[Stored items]
· · · · ·

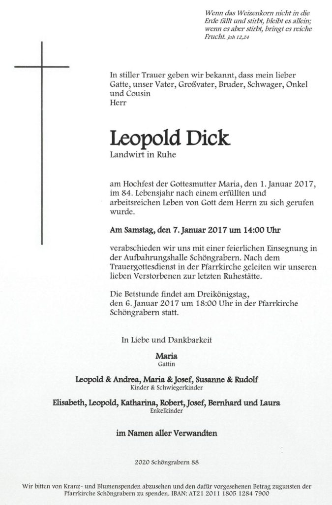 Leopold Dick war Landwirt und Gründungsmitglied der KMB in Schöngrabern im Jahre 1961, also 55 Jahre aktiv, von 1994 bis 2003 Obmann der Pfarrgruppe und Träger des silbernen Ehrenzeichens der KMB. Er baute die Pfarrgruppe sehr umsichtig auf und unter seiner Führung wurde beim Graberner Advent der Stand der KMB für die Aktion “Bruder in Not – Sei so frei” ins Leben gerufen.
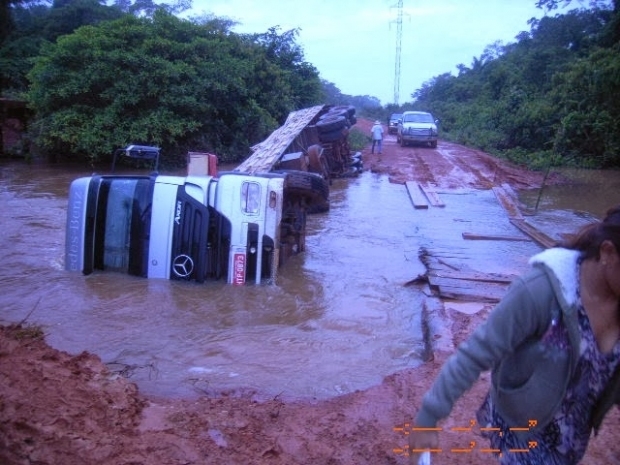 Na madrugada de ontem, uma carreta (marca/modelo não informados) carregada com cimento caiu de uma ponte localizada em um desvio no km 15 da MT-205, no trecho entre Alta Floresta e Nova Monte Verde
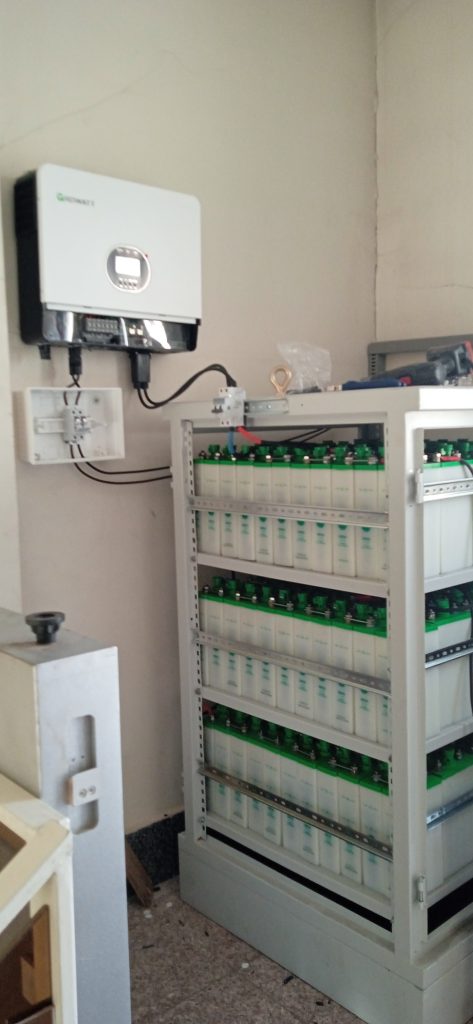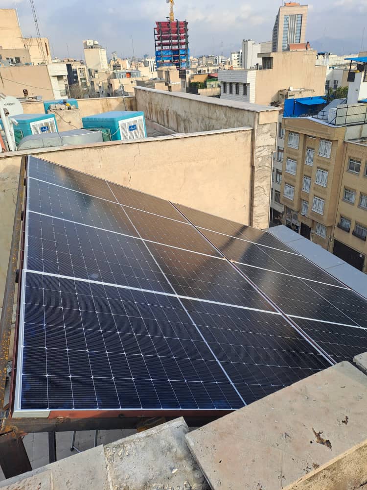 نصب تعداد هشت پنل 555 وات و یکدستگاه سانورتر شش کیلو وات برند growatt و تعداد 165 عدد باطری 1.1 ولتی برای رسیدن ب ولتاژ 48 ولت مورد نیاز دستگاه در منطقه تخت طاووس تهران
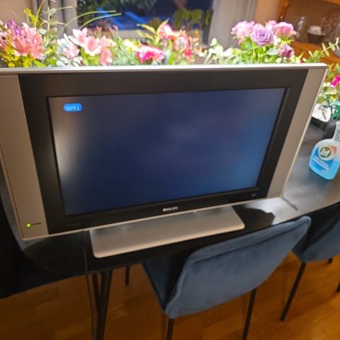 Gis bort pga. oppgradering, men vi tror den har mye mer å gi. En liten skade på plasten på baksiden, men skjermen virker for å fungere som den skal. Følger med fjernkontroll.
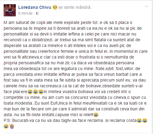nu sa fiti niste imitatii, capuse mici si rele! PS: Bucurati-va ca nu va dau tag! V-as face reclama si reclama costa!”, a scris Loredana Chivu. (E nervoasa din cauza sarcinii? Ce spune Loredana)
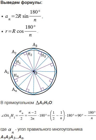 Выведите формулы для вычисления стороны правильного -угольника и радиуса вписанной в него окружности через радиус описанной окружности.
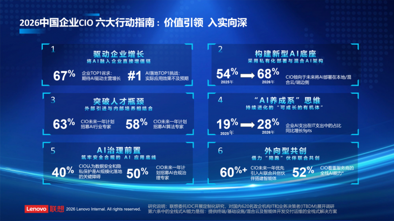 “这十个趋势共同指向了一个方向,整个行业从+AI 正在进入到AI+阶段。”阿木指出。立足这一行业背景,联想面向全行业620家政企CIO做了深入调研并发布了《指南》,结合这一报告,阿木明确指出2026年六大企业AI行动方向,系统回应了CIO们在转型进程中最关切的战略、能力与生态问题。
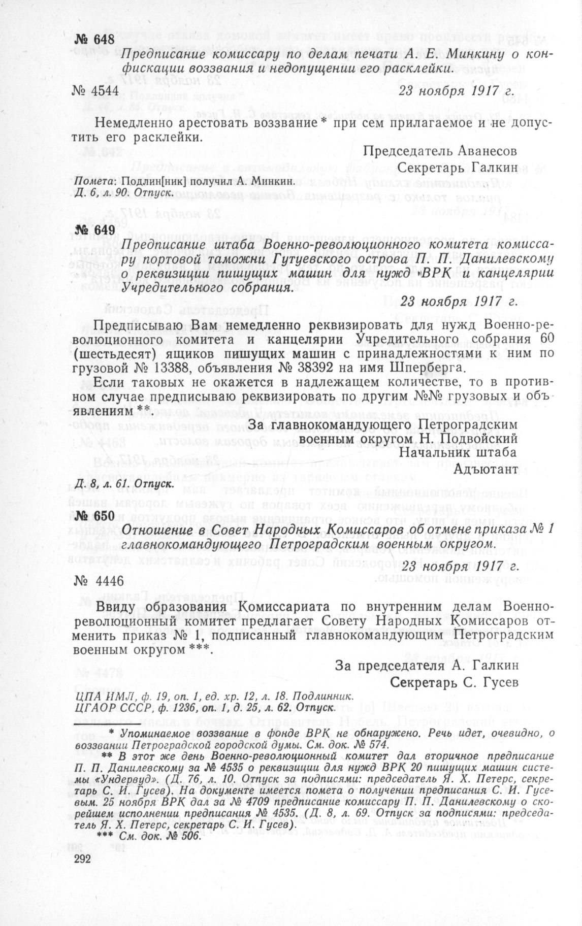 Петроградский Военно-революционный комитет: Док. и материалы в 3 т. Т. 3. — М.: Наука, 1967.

· · · · ·

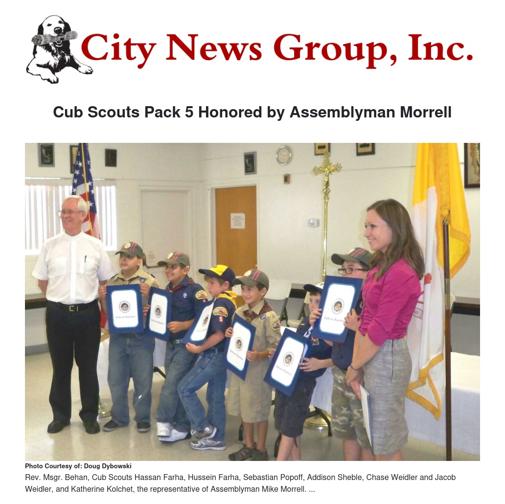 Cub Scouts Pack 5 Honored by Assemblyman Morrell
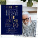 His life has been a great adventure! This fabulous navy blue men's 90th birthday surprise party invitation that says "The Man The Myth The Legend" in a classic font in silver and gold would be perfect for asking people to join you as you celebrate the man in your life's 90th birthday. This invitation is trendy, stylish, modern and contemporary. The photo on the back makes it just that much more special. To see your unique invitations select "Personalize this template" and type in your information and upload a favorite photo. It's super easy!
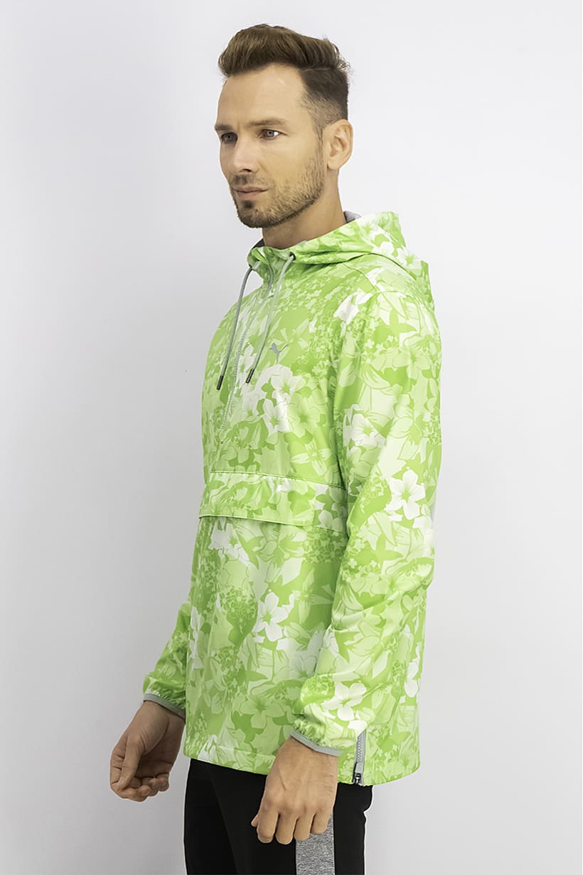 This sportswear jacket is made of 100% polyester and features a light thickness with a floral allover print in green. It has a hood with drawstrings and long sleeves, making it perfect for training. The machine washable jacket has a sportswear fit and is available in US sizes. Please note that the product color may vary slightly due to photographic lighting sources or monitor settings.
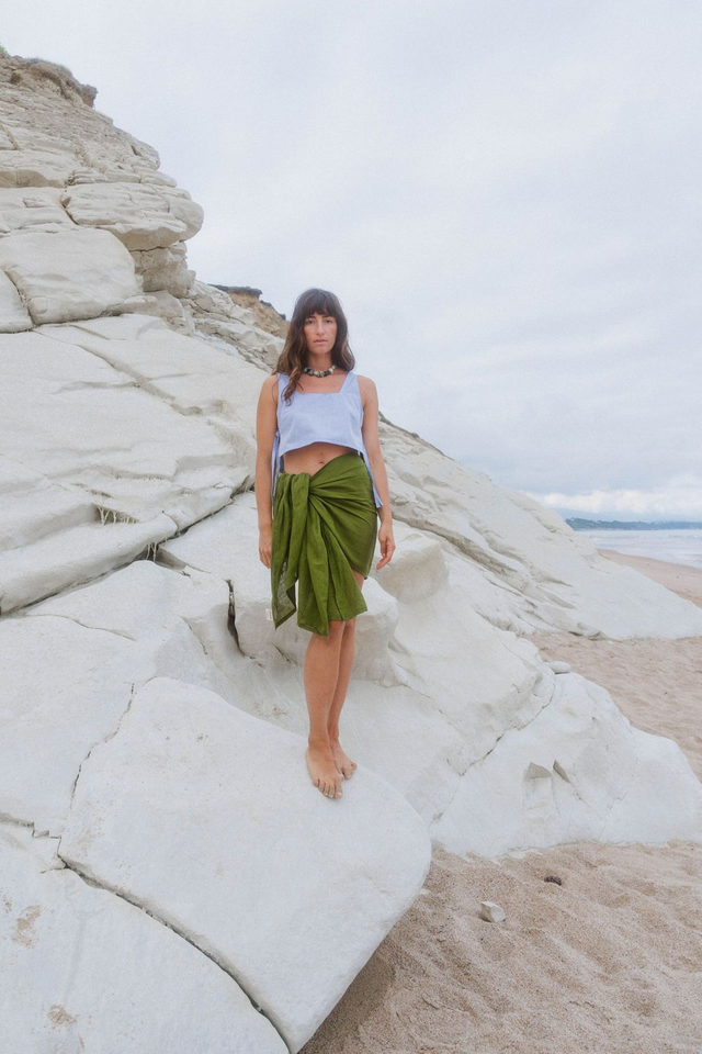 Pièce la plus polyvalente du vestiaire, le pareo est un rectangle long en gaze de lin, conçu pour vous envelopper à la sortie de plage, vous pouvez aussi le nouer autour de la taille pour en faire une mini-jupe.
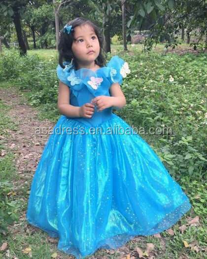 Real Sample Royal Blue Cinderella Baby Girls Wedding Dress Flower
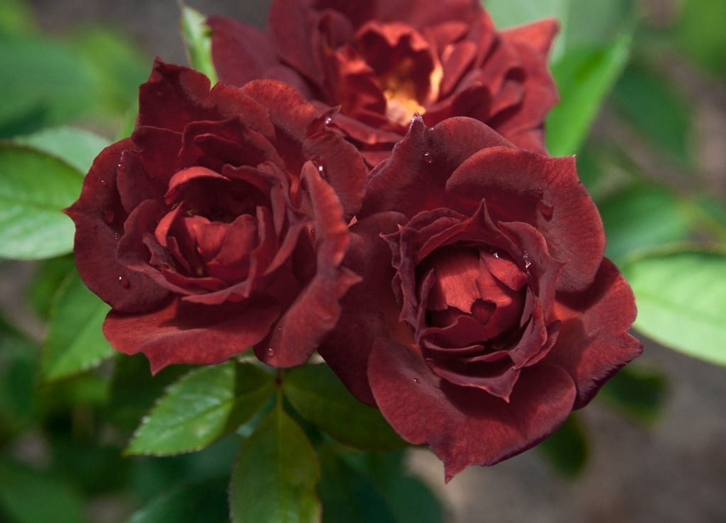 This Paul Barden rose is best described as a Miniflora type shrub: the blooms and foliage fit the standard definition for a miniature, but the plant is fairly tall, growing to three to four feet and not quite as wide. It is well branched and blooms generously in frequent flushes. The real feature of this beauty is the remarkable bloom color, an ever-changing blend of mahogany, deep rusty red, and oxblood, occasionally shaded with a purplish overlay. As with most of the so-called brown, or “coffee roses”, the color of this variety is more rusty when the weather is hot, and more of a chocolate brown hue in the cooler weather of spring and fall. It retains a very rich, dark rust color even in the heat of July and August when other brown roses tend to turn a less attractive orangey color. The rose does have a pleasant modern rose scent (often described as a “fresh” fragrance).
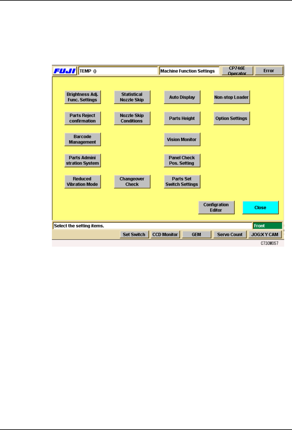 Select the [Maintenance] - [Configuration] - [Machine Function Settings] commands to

· · · · ·

Print exactly, with no pictures, the lines above from the one that holds "Gis bort pga." through the one that holds "Петроградский Военно-революционный комитет: Док.", both of them included.

 Gis bort pga. oppgradering, men vi tror den har mye mer å gi. En liten skade på plasten på baksiden, men skjermen virker for å fungere som den skal. Følger med fjernkontroll.
nu sa fiti niste imitatii, capuse mici si rele! PS: Bucurati-va ca nu va dau tag! V-as face reclama si reclama costa!”, a scris Loredana Chivu. (E nervoasa din cauza sarcinii? Ce spune Loredana)
 Выведите формулы для вычисления стороны правильного -угольника и радиуса вписанной в него окружности через радиус описанной окружности.
 “这十个趋势共同指向了一个方向,整个行业从+AI 正在进入到AI+阶段。”阿木指出。立足这一行业背景,联想面向全行业620家政企CIO做了深入调研并发布了《指南》,结合这一报告,阿木明确指出2026年六大企业AI行动方向,系统回应了CIO们在转型进程中最关切的战略、能力与生态问题。
 Петроградский Военно-революционный комитет: Док. и материалы в 3 т. Т. 3. — М.: Наука, 1967.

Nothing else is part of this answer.